Btw, it would have actually been nice to design this script such that it actually is a general purpose script for adding "name" tags for intersecting features to SAM files and do all the other stuff (dealing with alignments that don't have an intersecting feature, dealing with maximum extensions etc) elsewhere. As it is, this script is quite complicated and has basically zero chance of reuse outside of this workflow.

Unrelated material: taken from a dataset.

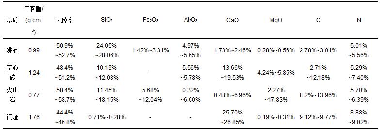 沸石、火山巖購于北京某濾料廠,沸石粒徑2~5 mm,火山巖粒徑2~10 mm.空心磚來自北京某工地,鋼渣來自南昌某鋼廠,研磨過篩后粒徑為2~5 mm.各填料均用清水清洗,并烘干備用.填料干容重與孔隙率采用標(biāo)準(zhǔn)土壤學(xué)方法測定.填料的化學(xué)組成采用X射線能譜儀測定(EX-250,HORIBA公司,日本).4種填料的理化性質(zhì)如表 1所示.

Anyway, not important now - just lessons for the future :)

So please just clarify the scope of the script in the module-level docstring and I think we are ready to go.

I believe the script per se is pretty general: it adds a custom tag showing which features an alignment intersects with. I think the problem comes when defining variables and how it is documented. In this sense, the script appears to be only for miRNAs whose annotations might or might not been previously extended. But if the word extension is changed to shift or range and the description changes to "Allowed shift range between either end of the alignment and the intersecting feature" (or maybe a better description but just for you to get the idea) then it gets more general and the script does not have to change that much.
Another example would be the way the tag format is specified. If instead of using miRNA_ID I use intersecting_feature any kind of sequence can be used as long as it has been intersected using Bedtools intersect.

I suggest to try and make the descriptions and names more general and if you do not see it clear, I will just revert the commit and document a more restricted scope.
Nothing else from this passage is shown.